# 📝 Named Entity Recognition + Image Classification - Demo Notebook
---
## 🎯 Goal: Verify if a text description correctly matches an image of an animal
---
### 🚀 Introduction
This notebook demonstrates:
- How to extract animal names from text using **NER (Named Entity Recognition)**.
- How to classify animals in images using a **CNN model**.
- How to compare results and determine correctness.
- How to handle **edge cases** (e.g., multiple animals, incorrect labels).
---

In [1]:
# Install the required packages
%pip install -q -r requirements.txt

Note: you may need to restart the kernel to use updated packages.

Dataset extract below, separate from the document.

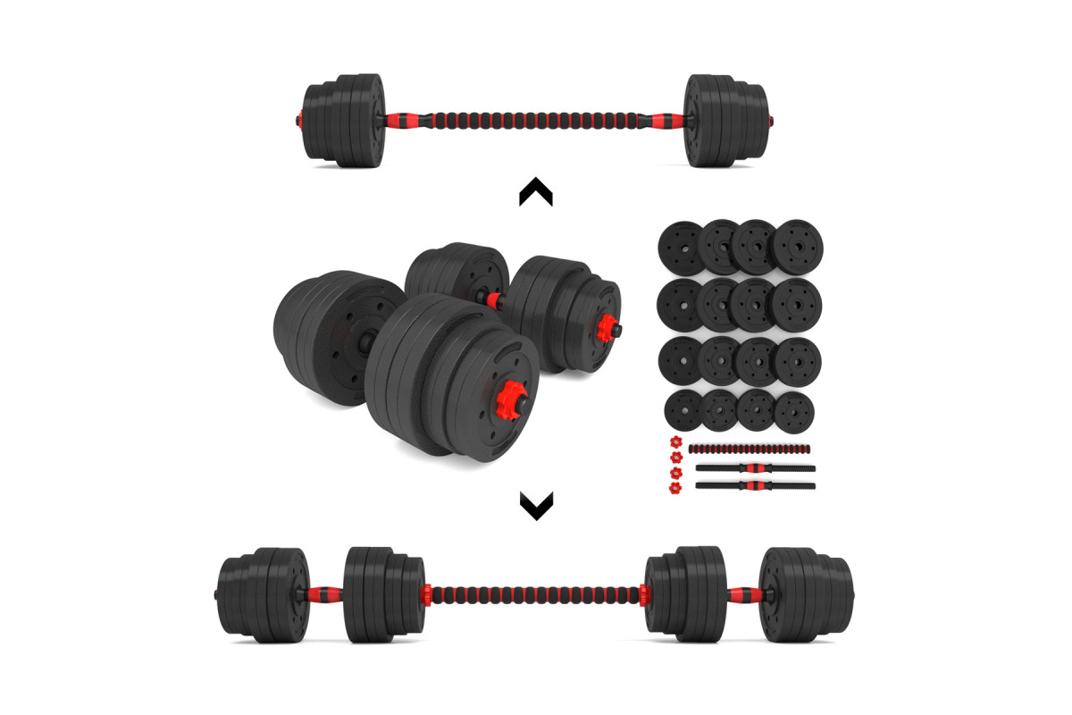 Набір штанга+гантелі HMS SGP40 — це класичні гантелі зі змінними обтяженнями, які є базовим елементом будь‑якого домашнього тренажерного простору. У комплект входять дві композитні гантелі, які можна з’єднати між собою за допомогою спеціального подовжувача, перетворюючи їх на повноцінну штангу. Таке рішення значно розширює можливості тренувань і дозволяє виконувати вправи, які неможливо або незручно робити з окремими гантелями.
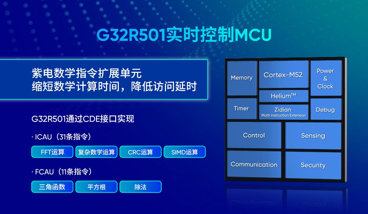 G32R501的核心优势在于其双核革新设计,支持同构并行工作,主频高达250MHz,实时算力可媲美800MHz Cortex-M7内核。内置单/双精度FPU和Arm Helium技术,显著提升数字信号处理和机器学习性能,同时通过CDE接口扩展数学指令加速单元,缩短计算延迟,增强系统实时性。此外,该芯片配备640KB Flash(分为512KB和128KB独立单元)、128KB SRAM(支持TCM存储)及6通道DMA模块,优化数据传输效率,降低CPU负担。

[notice] A new release of pip is available: 24.3.1 -> 25.0.1
[notice] To update, run: python.exe -m pip install --upgrade pip


In [2]:
# 📌 Step 1: Install & Import Dependencies
import matplotlib.pyplot as plt
from PIL import Image
from pipeline import verify_animal

print('✅ All dependencies imported!')

  from .autonotebook import tqdm as notebook_tqdm


✅ All dependencies imported!


## 📌 Step 2: Test the Pipeline on an Example
We will run the pipeline on a sample text and image.

In [5]:
# Define example inputs
text = "There is a cat in the picture."
image_path = r"D:\Projects\Winstars_AI_DS_internship_test\task2_ner_image_pipeline\dataset\val\cow\OIP-_01xh7qI0nvypZLkOxGyIgHaFi.jpeg"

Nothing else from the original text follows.